Exercise description >>
What are the lines below, starting at the line containing "Среди солдат Советской" and ending at the line containing "Symphony at Centerville"? Write them out exactly, ends included, without pictures.
━━ Extracted entries
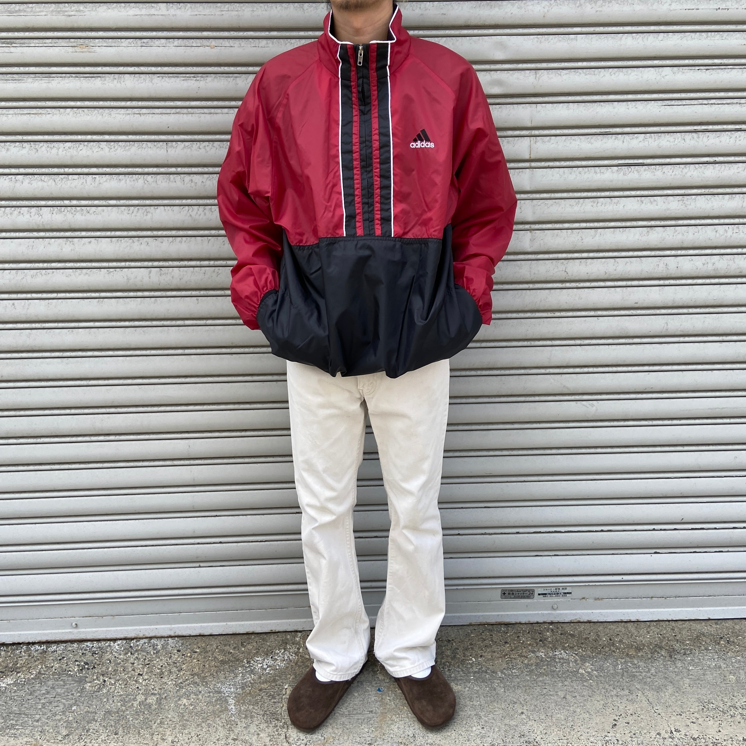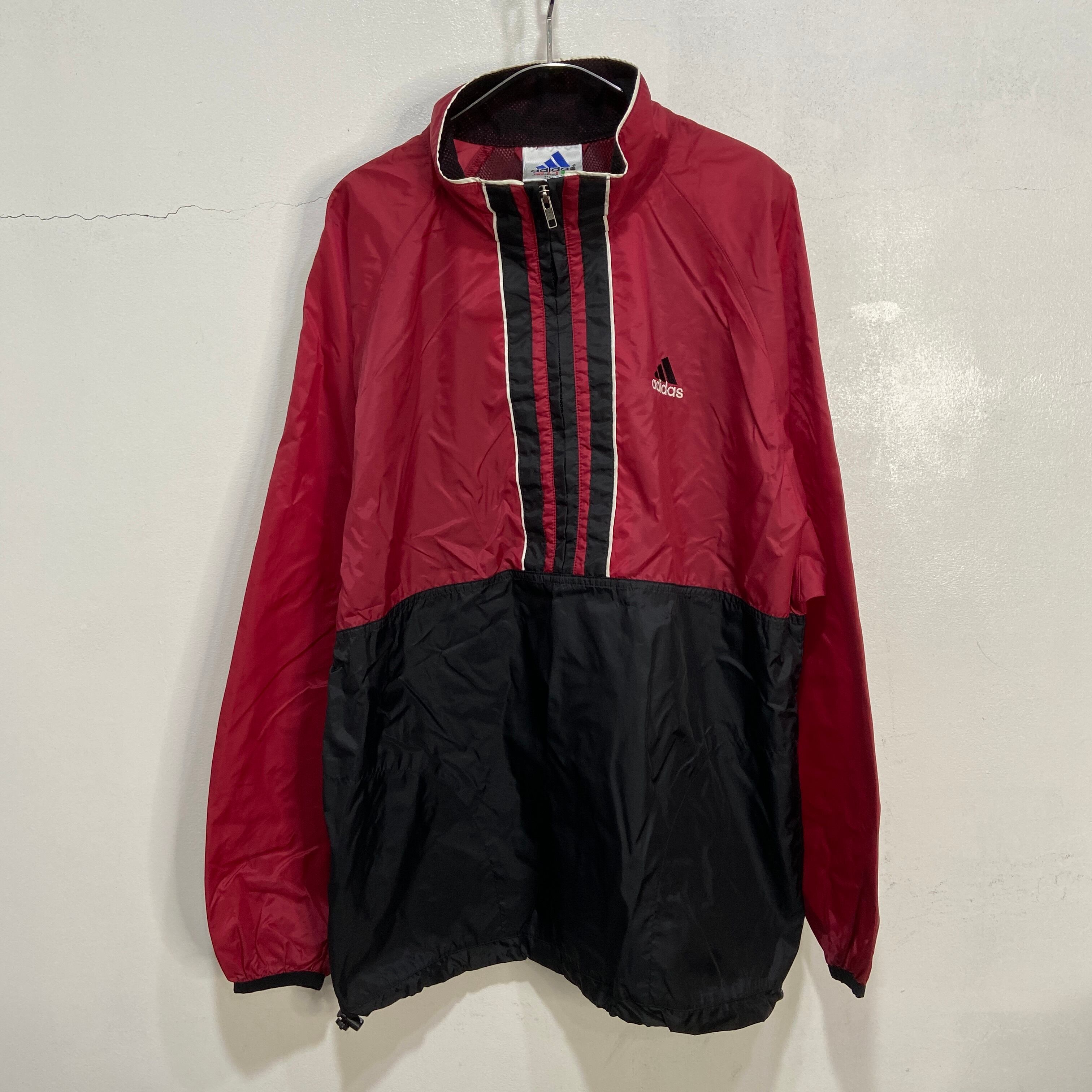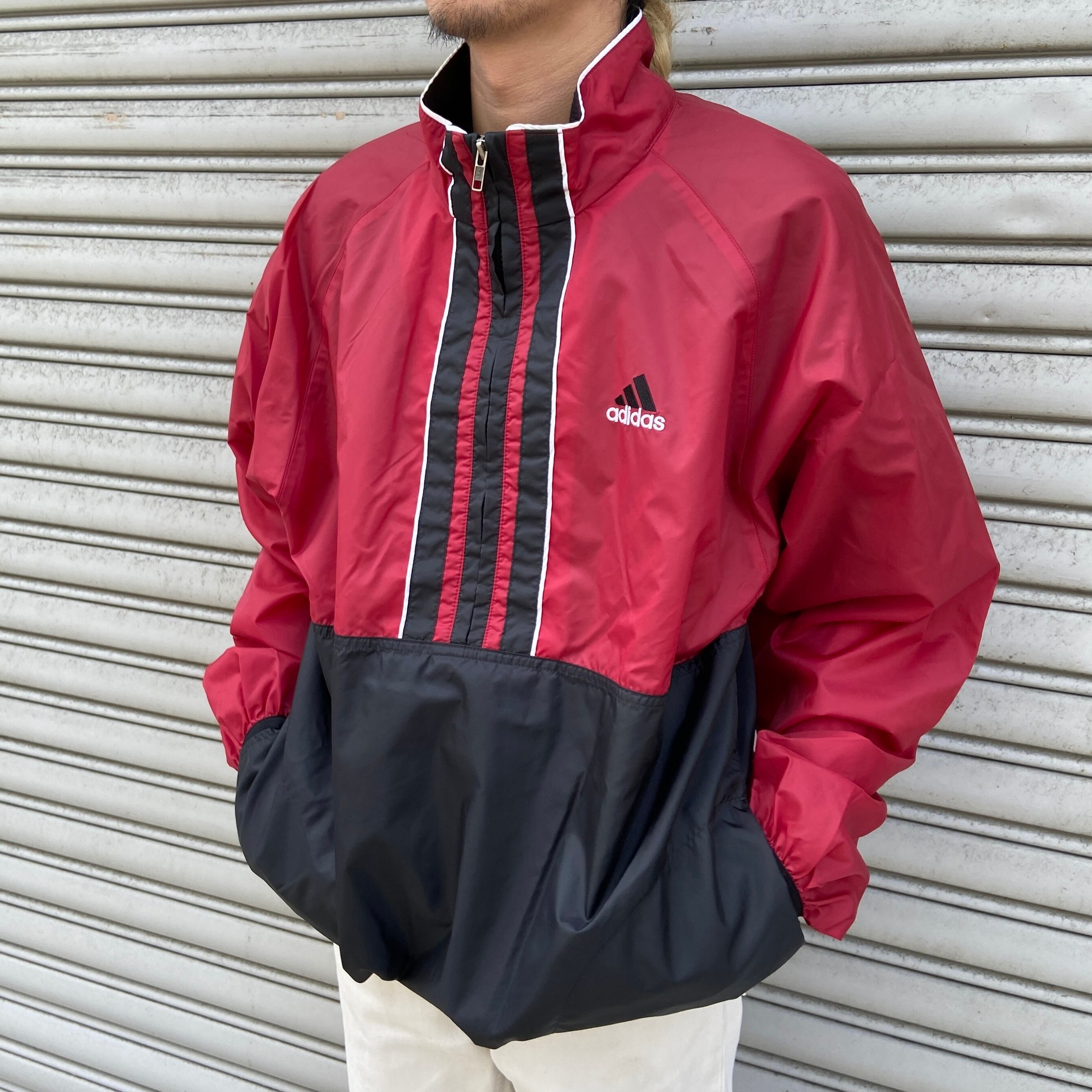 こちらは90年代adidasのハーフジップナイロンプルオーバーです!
━━━━
━━ Extracted entries
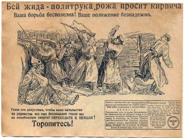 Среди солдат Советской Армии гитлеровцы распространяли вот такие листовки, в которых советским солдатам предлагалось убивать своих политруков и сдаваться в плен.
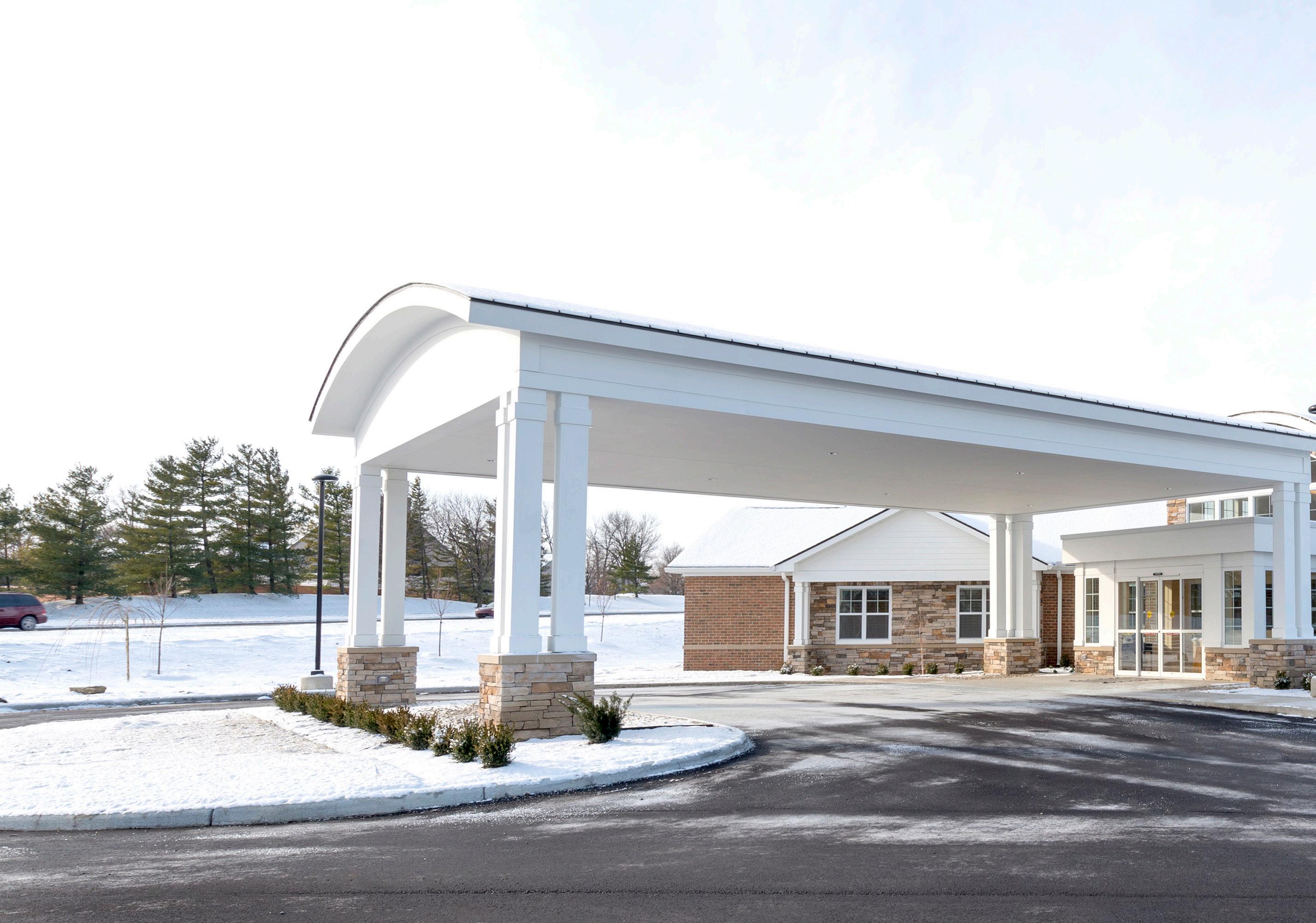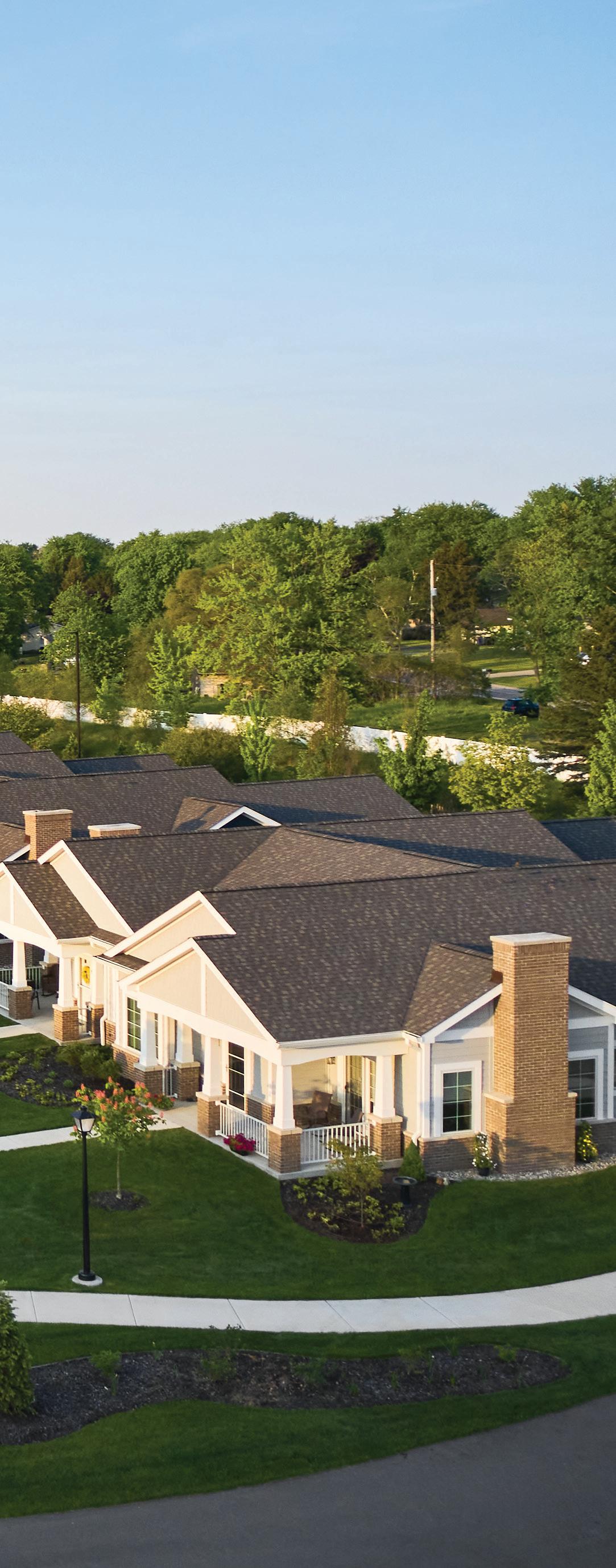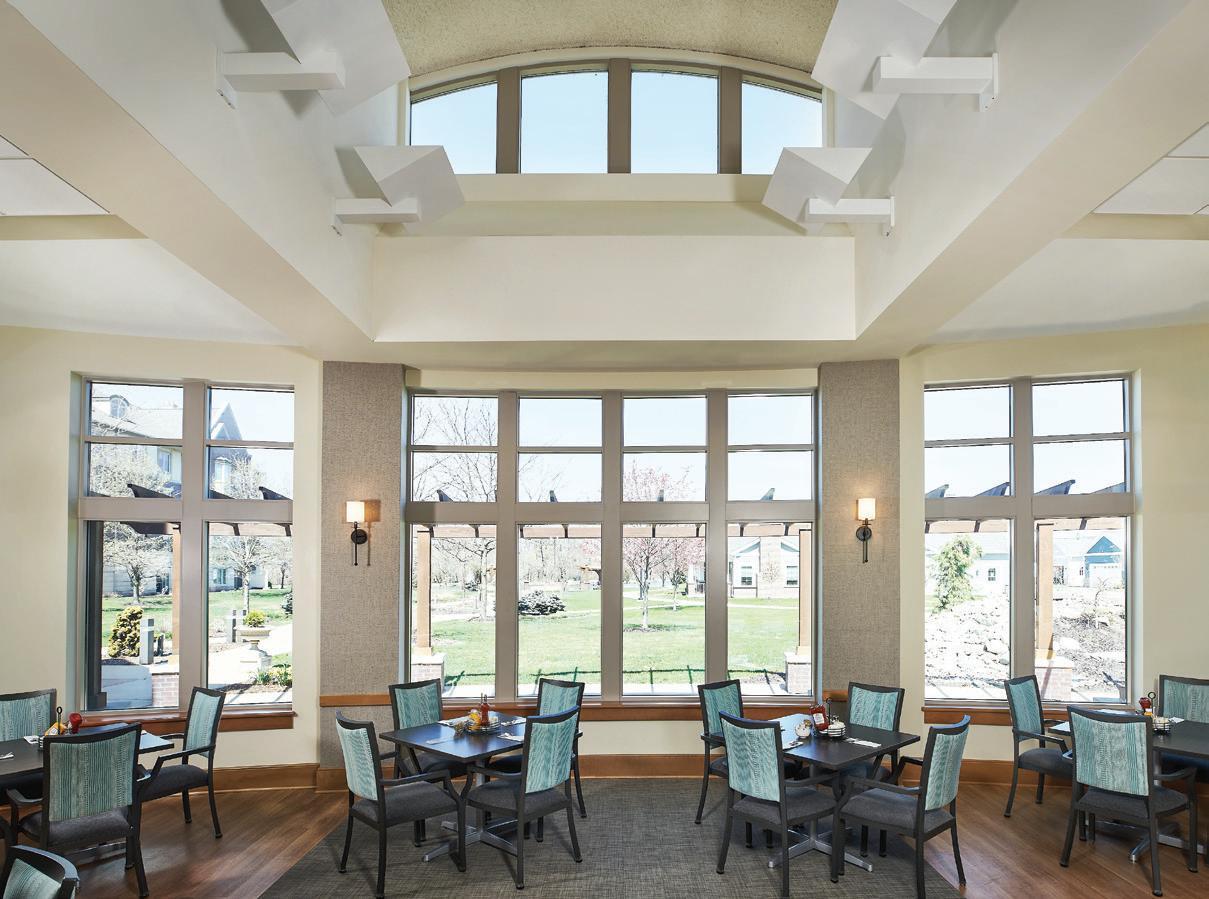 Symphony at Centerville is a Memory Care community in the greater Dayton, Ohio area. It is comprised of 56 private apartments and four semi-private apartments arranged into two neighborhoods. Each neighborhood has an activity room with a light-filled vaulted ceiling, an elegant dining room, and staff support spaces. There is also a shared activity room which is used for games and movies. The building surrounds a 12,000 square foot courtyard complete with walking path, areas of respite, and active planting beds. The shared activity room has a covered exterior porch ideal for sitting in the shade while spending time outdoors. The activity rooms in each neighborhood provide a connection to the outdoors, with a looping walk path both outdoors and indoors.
━━━━
Solution for this exercise >>
 Среди солдат Советской Армии гитлеровцы распространяли вот такие листовки, в которых советским солдатам предлагалось убивать своих политруков и сдаваться в плен.
 Symphony at Centerville is a Memory Care community in the greater Dayton, Ohio area. It is comprised of 56 private apartments and four semi-private apartments arranged into two neighborhoods. Each neighborhood has an activity room with a light-filled vaulted ceiling, an elegant dining room, and staff support spaces. There is also a shared activity room which is used for games and movies. The building surrounds a 12,000 square foot courtyard complete with walking path, areas of respite, and active planting beds. The shared activity room has a covered exterior porch ideal for sitting in the shade while spending time outdoors. The activity rooms in each neighborhood provide a connection to the outdoors, with a looping walk path both outdoors and indoors.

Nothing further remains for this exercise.